Естественнонаучный подход в психологии и принцип простоты
Даже те психологи, кто конструировал психологию по канону естественной науки, часто нарушали требования принципа простоты. Перефразируем приведенное выше изречение Ньютона применительно к психологии: Природа психического проста и не роскошествует излишними причинами явлений.
Большинство психологических концепций, разумеется, выводят разнообразные психические явления из небольшой группы причин. Уже Р. Декарт пытался объяснить сложное поведение комбинацией простых рефлексов как элементов, из которых как из кирпичиков можно собрать любую комбинацию. Как пишет В.А. Иванников (2006, с.55), «идея рефлекса вследствие своей простоты … оказалась очень живучей и на три века определила искание философов и психологов». Из разных, но все-таки более-менее простых кирпичиков строили содержание психики З. Фрейд, Д.Н. Узнадзе, гештальтисты, А.Н. Леонтьев и др. Развернутым примером конструктивного использования принципа простоты при построении психологической теории может служить динамическая теория личности К. Левина. Для анализа причинных связей в психологии он использовал идею физического поля (14).

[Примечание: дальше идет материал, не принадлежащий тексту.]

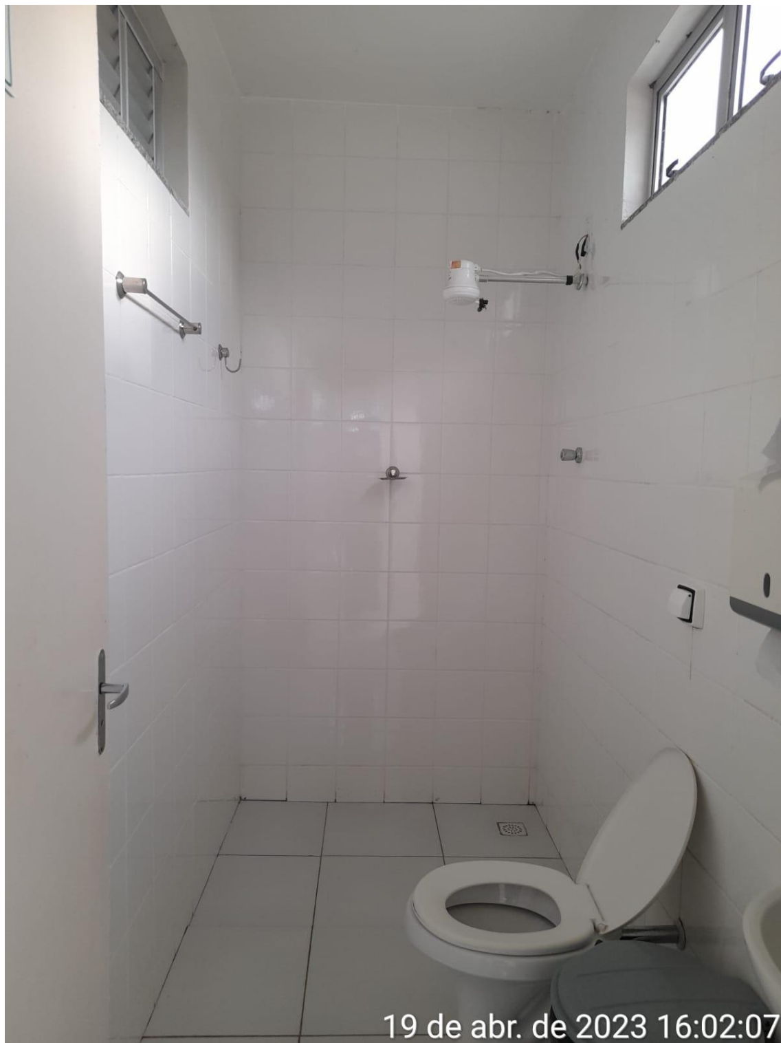
Foto 03 substituição da torneira, sifão e troca de fechadura

Но встречается и совершенно противоположный подход. Откроем известную книгу Б.Ф. Ломова (18), посвященную методологическим проблемам психологии. Отметим, что сам Ломов, как и вся школа Бехтерева-Ананьева, к которой он принадлежал, подходила к проблемам психологии с естественнонаучных позиций. И все же Ломов пишет нечто, прямо противоположное принципу простоты: детерминация психического «реально выступает как многоплановая, многоуровневая, многомерная, включающая явления разных (многих) порядков» (с. 98-99). Но при этом, «к сожалению», в психологии еще не разработаны критерии выделения разных уровней психики (с. 96), «к сожалению», не разработан вопрос о разных порядках психических свойств (с. 97). А ведь даже для разработки концепции, «раскрывающей систему психологических свойств различных порядков и их соотношения», необходима кооперация психологии с физиологией, генетикой, вообще с биологией человека, с одной стороны, и с общественными науками – с другой (с. 98). В общем, психика сложна и без рассмотрения ее сразу со всех сторон во всем многообразии психологию как науку не построить.
Конечно же, хотелось бы реализовать подход к человеку во всей его полноте и целостности. Однако, исходя из принципа простоты, можно выразить сомнение в эвристичности подхода, предложенного Б.Ф. Ломовым.[1]
Продолжим читать Ньютона с психологическим акцентом: Поэтому, поскольку возможно, должно приписывать те же причины того же рода проявлениям психического.
У С.Л. Рубинштейна (32, с.180) находим: «Функциональное построение психологии искусственно разрывает и разносит по разным рубрикам (восприятие, память и т.п.) явления, по существу, совершенно однородные, выражающие одни и те же закономерности». Но согласно принципу простоты, однородные явления, хотя они и именуются разными психическими (или познавательными) процессами, должны описываться как порожденные одними и теми же причинами, пока это не войдет в противоречие с фактами. А, следовательно, расчленение целостной психики на такие психические процессы лишь усложняет задачу поиска лежащих в их основе общих закономерностей. Разносить по разным рубрикам психические явления, происходящие по одним и тем же законам, может быть полезно разве что в дидактических целях. Но беда в том, что, как отмечают В.П. Зинченко и А.И. Назаров (11, с.12), из дидактического приема эта классификация давно превратилась в теоретическую догму. Впрочем, многие признают и дидактическую неправильность предлагаемого членения, потому что за деревьями психических процессов студенты не замечают леса целостной психики.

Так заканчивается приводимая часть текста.